Based on an experiment shown in the manual for this Bell Labs Science Kit, he built a solar powered motor using scrap solar cell pieces and send the photos of his little motor.  His description and photos of the motor follows:

"The rotor is about two inches high, the coils have a height of about one inch and are made up of 250 rounds of 0.1mm (AWG 38) enameled copper wire each. They measure about 30 ohms each, which is accidentally close to optimum performance with the .5 cm2 thin-film Cu(In,Ga)Se2 solar cell which is mounted in the center of each coil. These cells (they are poor, waste from our lab) give about 400mV at 8mA under full illumination (about 5% efficiency).

In the pictures the lamp is to the right and the small round thing in the upper alligator clamp is a neodymium permanent magnet. There is an angle of about 30 degrees between the incident light and the magnet, seen from the axis of rotation.

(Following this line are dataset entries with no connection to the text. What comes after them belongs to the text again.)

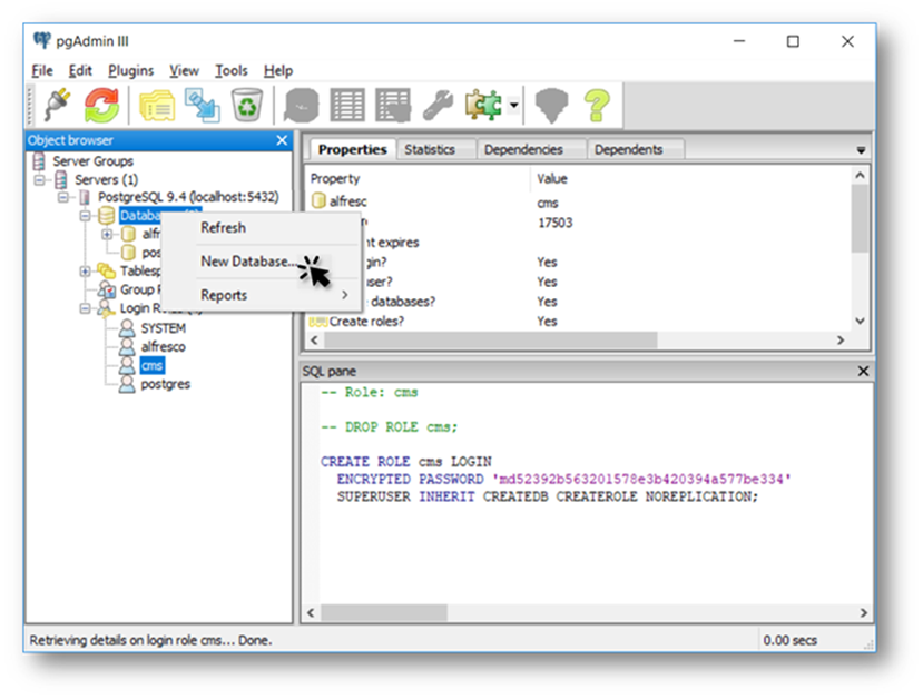 Add a PostgreSQL Database and User for Alfresco
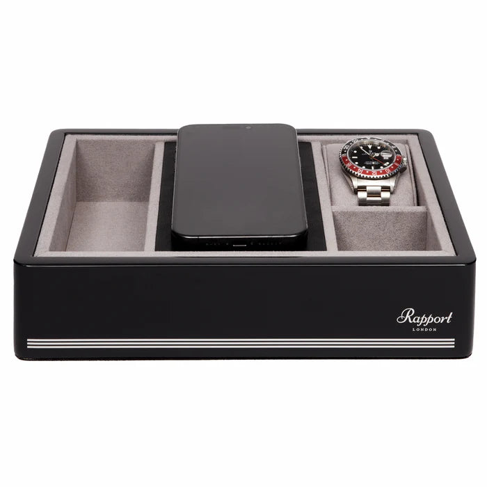 Die Formula Wireless Charging und Uhrenbox ist ein von Experten gefertigtes Tablett, das speziell für anspruchsvolle Nutzerinnen und Nutzer entwickelt wurde. Das kabellose Ladegerät mit QI-Zertifizierung ermöglicht ein einfaches und sicheres Laden aller kompatiblen Smartphones direkt auf dem edlen, lederbezogenen Bereich. Der Innenraum ist mit einem glatten Material ausgekleidet und bietet praktischen Platz für Ihre Uhr sowie weitere Accessoires. Mit den Maßen von 250 mm Breite, 200 mm Tiefe und 55 mm Höhe fügt sich die Box harmonisch in Ihr Schlafzimmer oder Büro ein und sorgt für Ordnung auf dem Nachttisch oder Schreibtisch. Dieses Produkt vereint Schweizer Qualitätsanspruch mit funktionalem Design und unterstützt Sie dabei, Ihre wertvollen Zeitmesser und Geräte stilvoll aufzubewahren und zu laden.
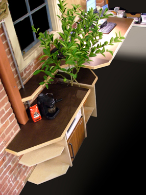 The “Lime Tree Bar” is custom-built and directly integrated into the workplace with the same general desk aesthetics. The bar’s primary feature is a Palestine sweet lime tree, intended to supply all limes used in bar drinks. Features a cutting board and a flip-up grating where the fruit’s remains are brushed into the tree’s pot to fertilize for future limes. The lime tree was chosen because citrus trees are capable of fertilizing themselves from their own fruit, strengthening the idea of self-sustainability.
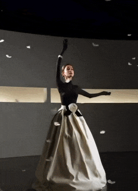 真的用了心,直接搬出了一套出自上世纪Nia Ricci1987年春夏高定系列的经典代表作,花神降临了~

The body of the rotor is a 5mm diameter glass tube which I sealed on one side with a blow torch, forming a point. The coils and solar cells are glued onto the body with epoxy. After fixating the cells and coils, I soldered the thin wire onto the contact pads of the solar cells - each cell is only connected to its surrounding coil, all wound in the same direction.

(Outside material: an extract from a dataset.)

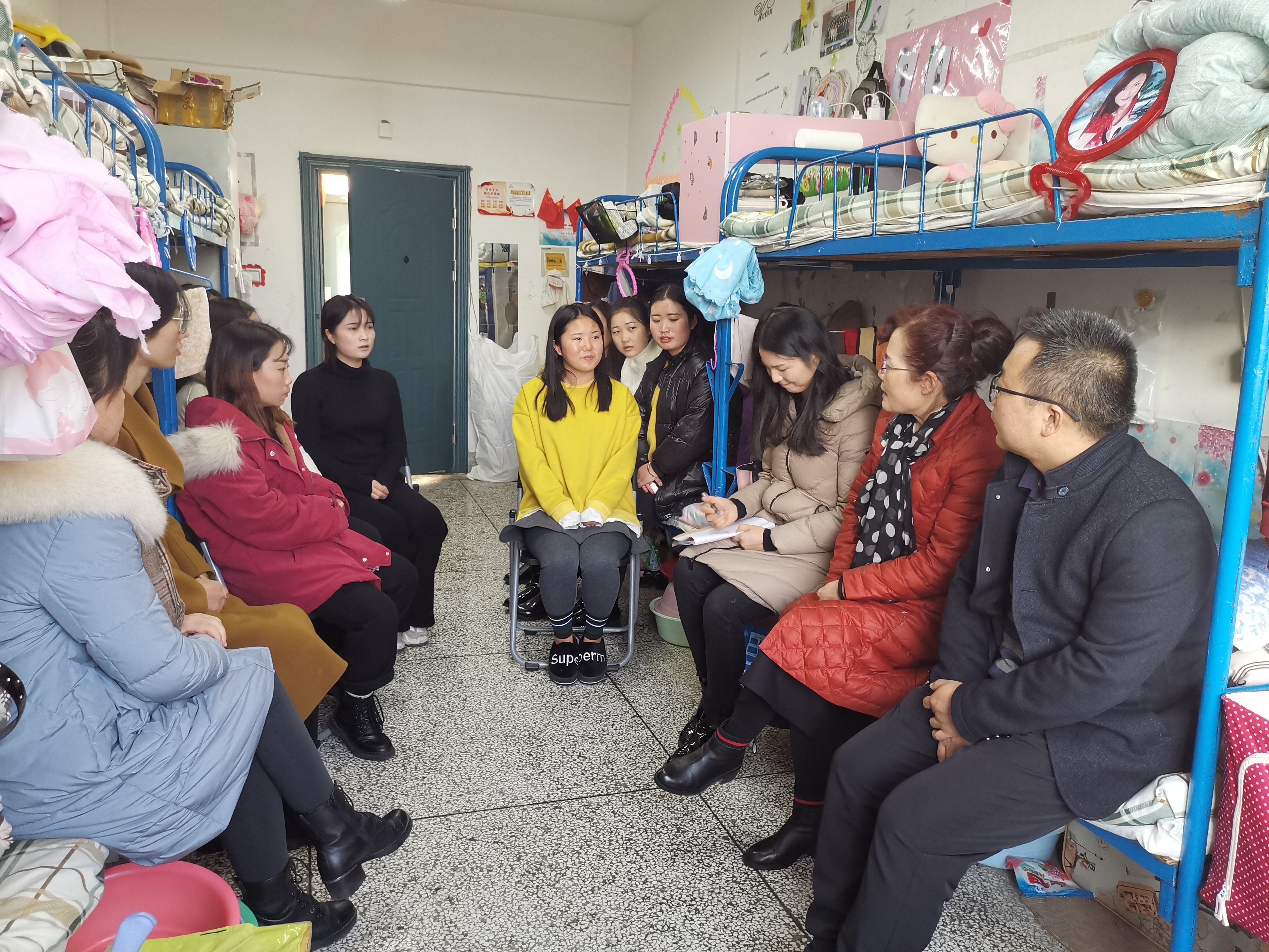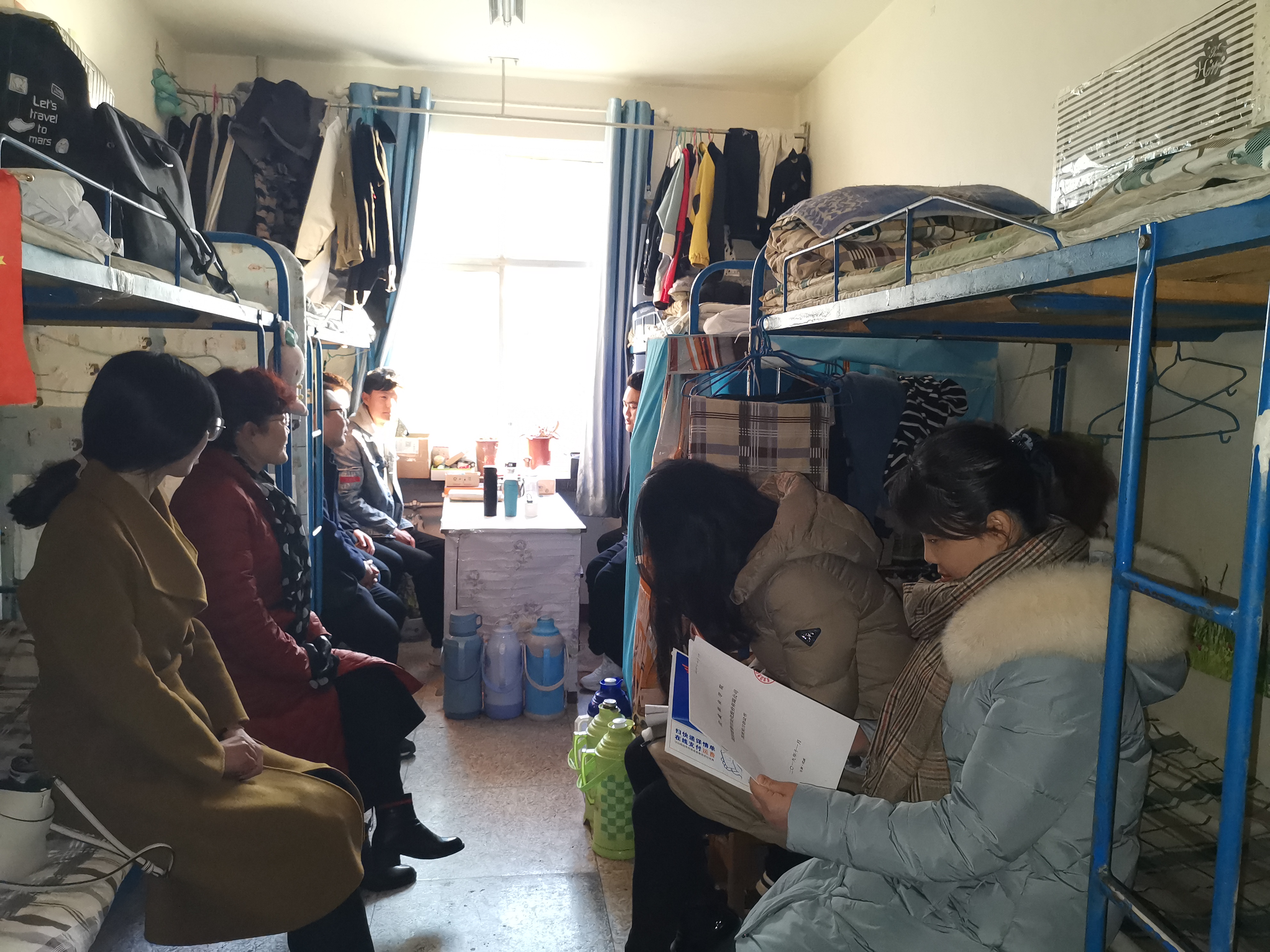 黨員在女生宿舍進(jìn)行調(diào)研

The axis is an unwound, straightened safety pin - the longest needle I could find" - Uwe Zimmermann, PhD

Thin Film Solar Cell Group
Solid State Electronics
The Ångström Laboratory
Uppsala University
Box 534
SE-751 21 Uppsala, SWEDEN

Here are the photos Uwe sent of his solar motor experiment. Click on images below to view full size.:

Motor spinning - 1

Motor spinning - 2

Motor stopped

Close-up of solar cell

Motor components
separated - 1

Motor components
separated - 2


>>>> UWE'S SECOND SOLAR MOTOR - Mark 2 <<<<

Uwe constructed a "new and improved" solar motor and sent me a video of it running in his window from the sunlight.  He describes his second motor as follows:

"The main difference between the first design and "mark 2" is the use of paper bobbins for the coils and internally mounted permanent magnets on the needle - inside the rotor. The magnets are glued to the needle with epoxy resin, as are the coils and solar cells to the glass tube itself.

The coils themselves are 500 turns of 0.1mm diameter (AWG 38) copper wire on a 5mm diameter paper bobbin. This gives about 30 ohms of resistance, which again is an almost optimum match to the used solar cells.

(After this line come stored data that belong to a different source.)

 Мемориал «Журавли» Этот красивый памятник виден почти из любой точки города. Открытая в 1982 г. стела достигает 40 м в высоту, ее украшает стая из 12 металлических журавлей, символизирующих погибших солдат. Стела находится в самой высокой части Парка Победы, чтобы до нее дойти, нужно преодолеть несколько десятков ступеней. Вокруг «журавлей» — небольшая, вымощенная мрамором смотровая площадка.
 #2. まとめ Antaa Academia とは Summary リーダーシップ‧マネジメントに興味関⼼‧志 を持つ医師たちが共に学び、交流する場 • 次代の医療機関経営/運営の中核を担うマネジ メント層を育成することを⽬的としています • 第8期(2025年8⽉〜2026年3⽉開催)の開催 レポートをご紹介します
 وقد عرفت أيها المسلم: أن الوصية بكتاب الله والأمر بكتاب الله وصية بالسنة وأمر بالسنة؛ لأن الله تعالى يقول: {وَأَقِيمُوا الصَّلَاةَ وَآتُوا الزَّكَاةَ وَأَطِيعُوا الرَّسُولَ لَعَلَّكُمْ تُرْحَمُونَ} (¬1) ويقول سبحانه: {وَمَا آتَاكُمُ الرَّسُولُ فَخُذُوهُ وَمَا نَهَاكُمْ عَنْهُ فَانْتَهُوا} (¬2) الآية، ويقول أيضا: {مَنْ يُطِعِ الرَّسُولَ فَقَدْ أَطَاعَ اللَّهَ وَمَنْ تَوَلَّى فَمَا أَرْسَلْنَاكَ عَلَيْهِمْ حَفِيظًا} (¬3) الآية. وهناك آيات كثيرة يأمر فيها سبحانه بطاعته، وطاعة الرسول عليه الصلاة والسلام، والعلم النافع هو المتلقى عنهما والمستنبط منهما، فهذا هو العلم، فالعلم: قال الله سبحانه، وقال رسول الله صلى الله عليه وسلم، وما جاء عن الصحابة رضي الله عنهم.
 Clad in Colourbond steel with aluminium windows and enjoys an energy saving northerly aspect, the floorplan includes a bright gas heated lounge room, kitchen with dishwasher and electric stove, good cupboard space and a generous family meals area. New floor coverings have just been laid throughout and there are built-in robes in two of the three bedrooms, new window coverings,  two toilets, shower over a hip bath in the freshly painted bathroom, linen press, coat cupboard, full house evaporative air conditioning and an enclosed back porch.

The rotor is a glass tube with about 10mm diameter and 5cm height. The top is drawn out to a point after heating the glass tube with a blow torch. It's a bit off-center, hence the rotor tends to sway as it comes up in speed."



This kit came with a book of almost 100 pages of kit instructions, historical background on Solar Energy, the part that Bell Labs played in the commercialization of silicon solar cells  and the physics of solar to electric conversion explained.